Eloy didn’t answer. He was watching the amber pulse. Forty-one percent meant Valen had taken hits. Multiple hits.
Something had gone wrong at the shaft entrance.
Isolde slid down the alcove wall. Her back scraped against wet stone until she was sitting, elbows braced on her knees, hands hanging limp between them. Water dripped from her hair. Plastered dark strands across her forehead. She didn’t brush them away.
"We left him."
She said it without looking at Eloy.
Not an accusation. A statement of fact. But her shoulders were rigid. Her jaw was tight, and she wasn’t looking at him.
Eloy opened his mouth.
Closed it.
What was he supposed to say? Valen had told them to go. Had positioned himself at the chokepoint. Had made the tactical call. It was the right call. The only call that got three of them out instead of zero.

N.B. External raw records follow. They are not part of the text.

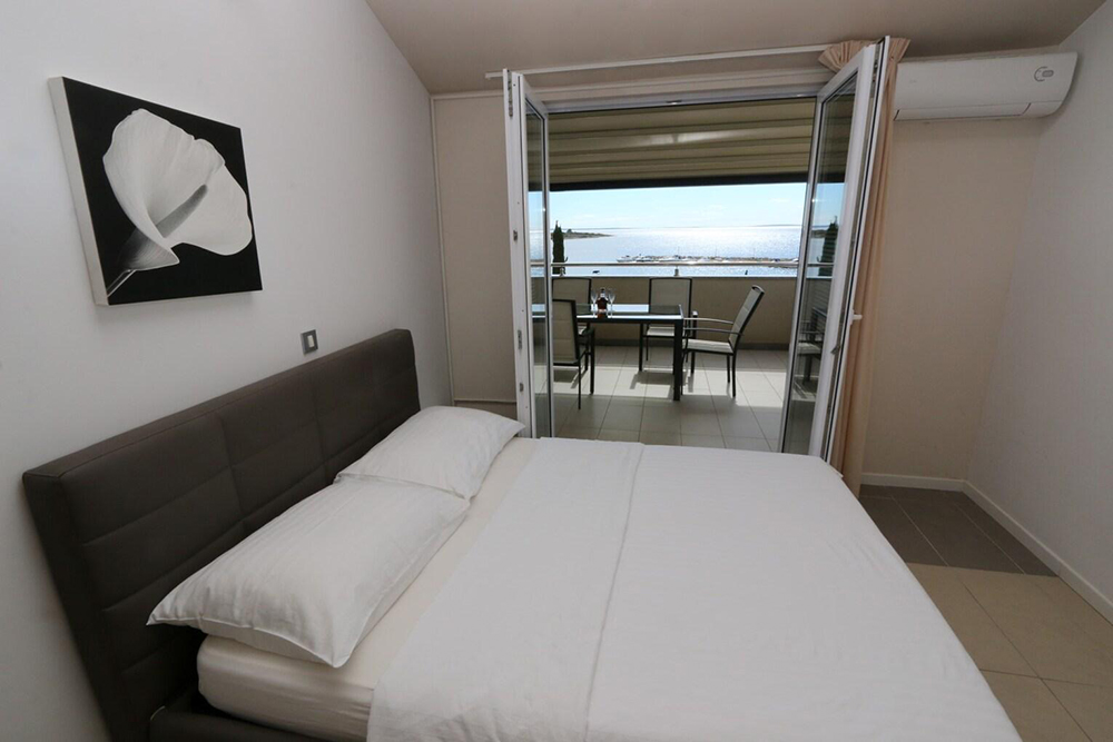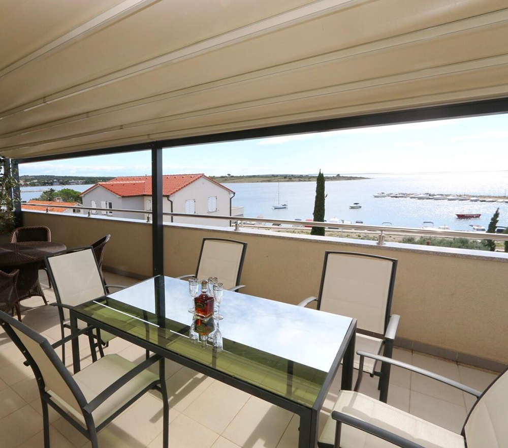 Velik balkon nudi čudovit razgled in je popoln kotiček za sprostitev po dnevu, preživetem ob morju ali ob raziskovanju Novalje.
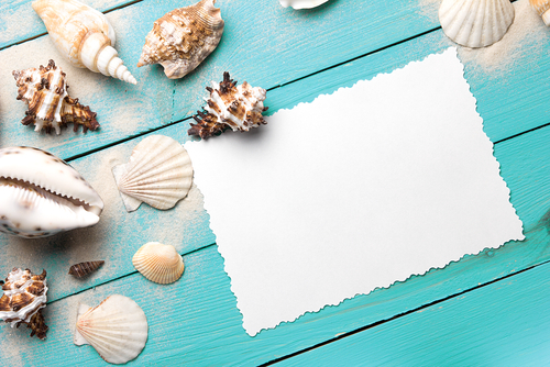 無地の紙に水色の紙を重ね貼りをすることで、海をイメージさせた手作りの暑中見舞いカードがつくれます。夏らしさを感じさせる立体感のあるシールを貼れば、ぐっとおしゃれで凝った印象にすることができるでしょう。シールは子どもに渡して、好きなようにペタペタと貼ってもらえば、一緒にカード作りが楽しめて良いですね。
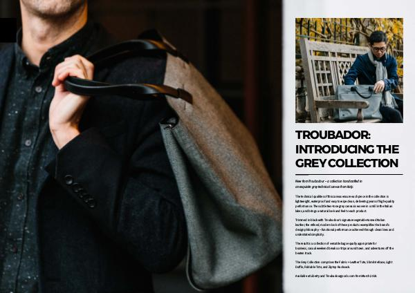 The Grey Collection comprises the Fabric + Leather Tote, Slim Briefcase, Light
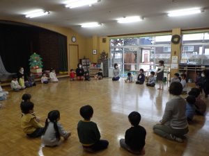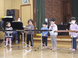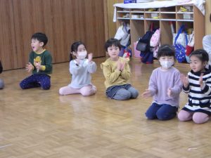 クリスマス会に向けて一生懸命練習していたちゅうりっぷさんの楽器演奏を、お客さんになり見守ってくれていたほしさん、おひさまさんも今日はやってみよう!
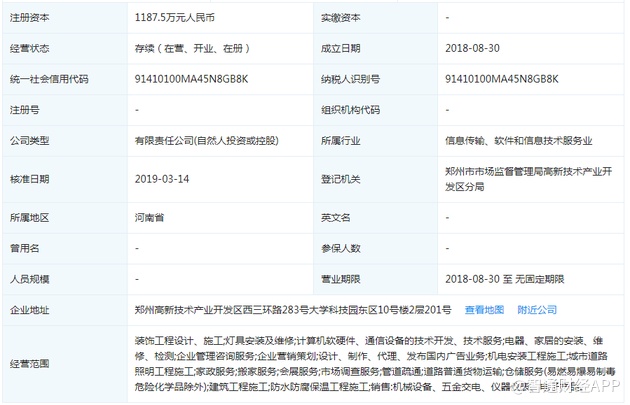 据公开资料显示,河南匠多多信息科技有限公司成立于2018年8月30日,注册资本1187.5万元,经营范围包括装饰工程设计、施工、灯具安装及维修、计算机软硬件、电器家具的安装、家政服务、搬家服务、仓储服务、建筑工程施工等。
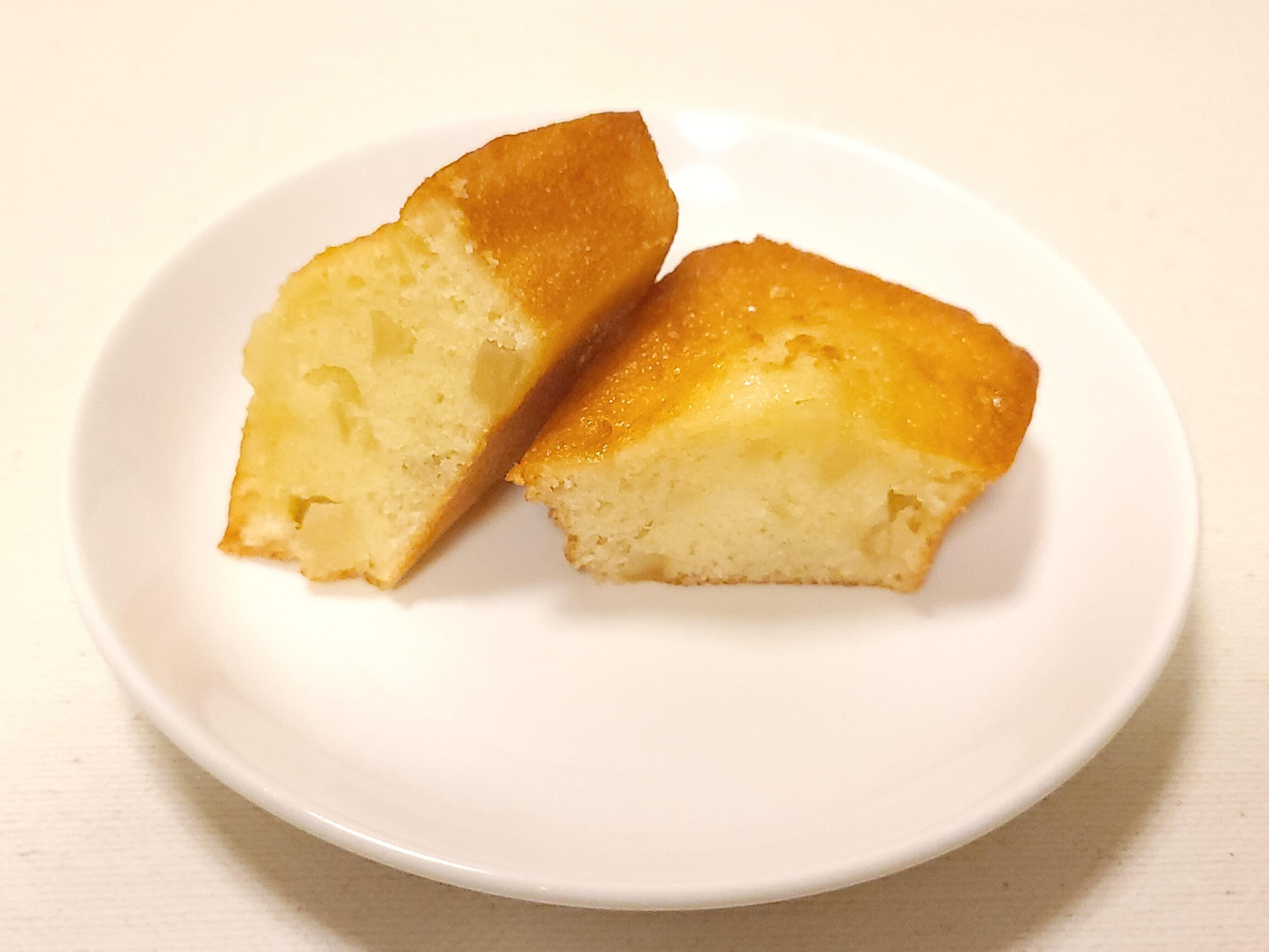 四角いフィナンシェのような形をしているほうがアップルケーキです。重さが1個58g前後あり、こちらも1つで十分の食べごたえです。マドレーヌよりさらにしっとり感があり、中に角切りリンゴが入っていて生地とこのリンゴの食感がベストマッチ。私の夫はアップルパイや焼きリンゴが苦手なのですが、こちらのアップルケーキはリンゴが細かく切ってあり、リンゴの食感も比較的シャキっとしているからか「おいしい!」と言って満足していました。
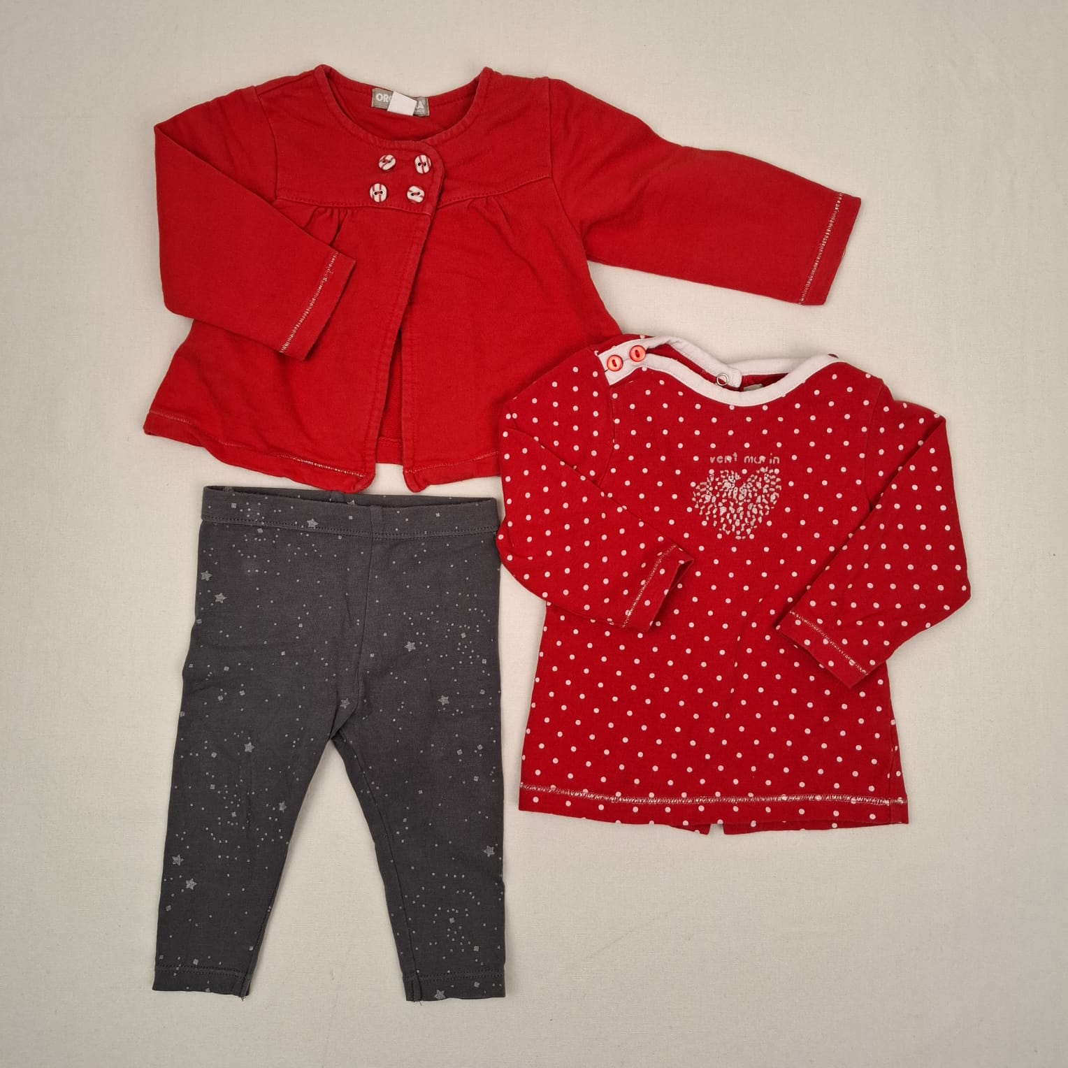 Autres commentaires : 5% élasthanne. Ensemble 3 pièces : – Gilet rouge à manches longues, col rond, fermeture par boutons à l’avant. – T-shirt rouge avec des pois blancs, manches longues, col rond, fermeture par boutons pression au dos. – Legging noir avec des motifs d’étoiles, taille élastiquée.
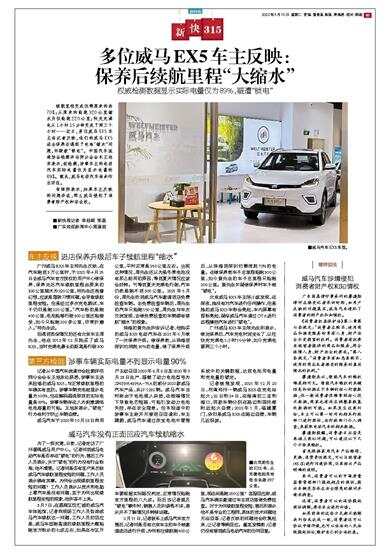 珠海的黄先生则告诉记者,他购买的威马EX5电动汽车在2021年5月做了一次保养升级。做保养前,从珠海到深圳约消耗30%的电量,做了保养升级后,从珠海到深圳约需消耗70%的电量。在做保养前车子总里程能跑300公里,如今黄先生的车子总里程只能跑200公里。黄先生怀疑做保养时车子被“锁电”。
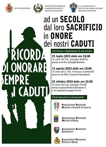 Con il patrocinio del Comune di Monopoli, l’Associazione Nazionale Combattenti e reduci (Sezione di Monopoli) con la collaborazione dell’Istituto del Nastro Azzurro (Sezione di Monopoli) celebra il primo centenario dall’inizio della prima Guerra Mondiale con una serie di appuntamenti. Il primo si terrà martedì 21 luglio dalle ore 18 con la deposizione di una corona d’alloro in via Barletta in onore del Ten. Giuseppe Barletta. Martedì 11 agosto alle ore 18 presso la via ad egli dedicata sarà commemorato con la deposizione di una corona d’alloro il Sergente Tenente Francesco Sammarelli. Infine, mercoledì 21 ottobre alle ore 10 presso piazza Vittorio Emanuele II e via Pirrelli sarà deposta una corona in memoria del Capitano Giuseppe Pirrelli. Alle celebrazioni parteciperanno l’Associazione Nazionale Mutilati e Invalidi di Guerra, l’Associazione Nazionale Marinai d’Italia, l’Associazione Nazionale Carabinieri e l’Associazione Nazionale Polizia di Stato.
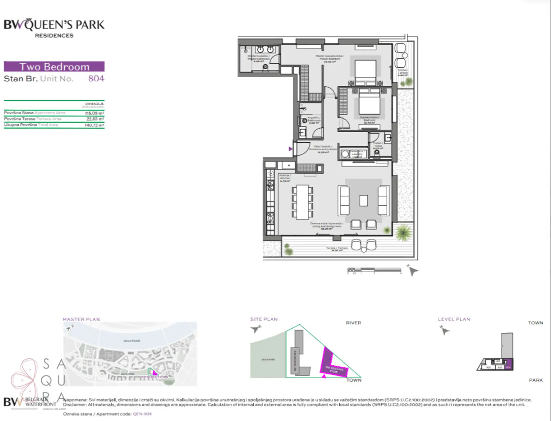 Stan 804 predstavlja idealan spoj luksuza, funkcionalnosti i prostranosti – pravo utočište za porodice, strane investitore ili one koji žele mir i prestiž u srcu Beograda. Smešten uz Savski park i na nekoliko minuta hoda do reke Save, ovaj stan nudi udoban dnevni boravak, prostrane spavaće sobe, dve kompletne kupaonice i veliku terasu za uživanje u svakom trenutku dana.

But Isolde wasn’t asking for tactical analysis. She was stating what happened. Three words that sat in the spray-drenched alcove like a fourth presence.
Maya stopped counting. She looked at Isolde. Looked at Eloy. Her fan stayed closed. Her expression stayed neutral. But her eyes moved between them, cataloging, and Eloy recognized that look.
She was revising her internal calculations.
House Alne’s survival now depended on a fugitive ’speedrunner’, a mana-depleted villainess, and a veteran who was currently bleeding somewhere in a maintenance shaft with forty-one percent HP.
For Eloy, it was almost funny to think about. For her? Probably not.